Question

Use a graphing utility to graph the polar equation and find the area of the given region. Inner loop of \(r=1+2 \cos \theta\)

Short answer

The area of the inner loop of the graph of the polar equation \(r=1+2 \cos \theta\) is calculated by evaluating the integral \[ \frac{1}{2} \int_{{-\frac{2\pi}{3}}}^{{\frac{2\pi}{3}}} (1+2 \cos \theta)^2 \, d\theta\]

Step-by-step solution

Graphing the Polar Equation

Using a graphing utility or by manually plotting points, graph the given polar equation \(r=1+2 \cos \theta\). The graph will reveal two loops: an outer loop and an inner loop.

Determining the Limits of Integration

The inner loop begins and ends where \(r=0\). Solve for \(\theta\) in the equation \(r= 1+2 \cos \theta =0\) to find these angles. Upon solving, \(\theta = \pm \frac{2\pi}{3}\) would be obtained.

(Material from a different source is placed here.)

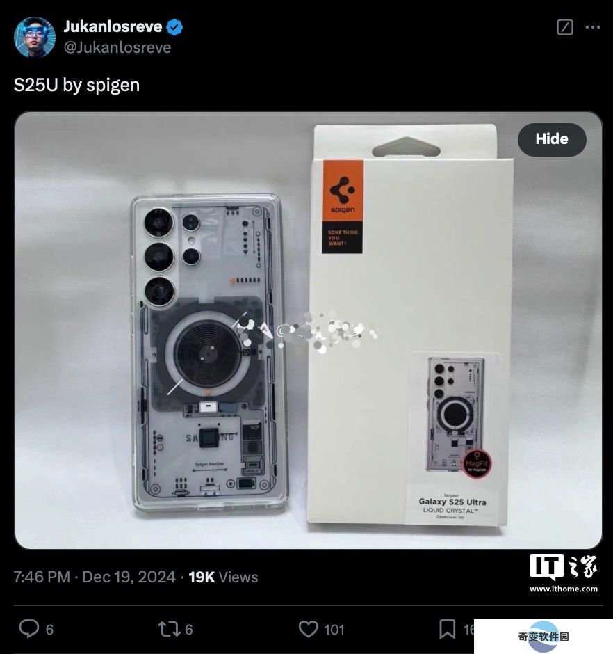本站 12 月 21 日消息,消息源Jukanlosreve在X平台发布贴文,展示了第三方制造商 Spigen 为三星 Galaxy S25 Ultra 打造的磁力无线充电手机壳,箱子的盒子上写着“MagFit for MagSafe”字样。
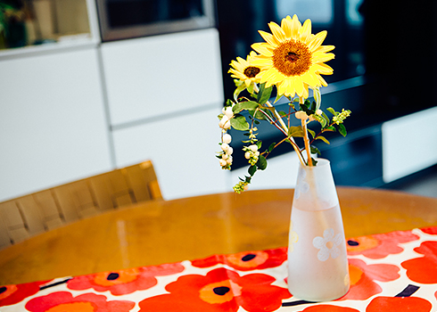 生活に彩りを与えるアイテムとして、花や緑を積極的に採り入れる。鮮やかな生花や自分で育てた草花からパワーをもらえるという。

Calculating the Area of the Inner Loop

Now, the area of a polar curve can be calculated using the formula: \[ A= \frac{1}{2} \int_{{\theta1}}^{{\theta2}} r(\theta)^2 \, d\theta \] Here, \(\theta1=-\frac{2\pi}{3}\) and \(\theta2= \frac{2\pi}{3}\). Substituting \(r(\theta)=1+2 \cos \theta\) into the formula would yield: \[ A= \frac{1}{2} \int_{{-\frac{2\pi}{3}}}^{{\frac{2\pi}{3}}} (1+2 \cos \theta)^2 \, d\theta\] Solving this integral will give the area of the inner loop.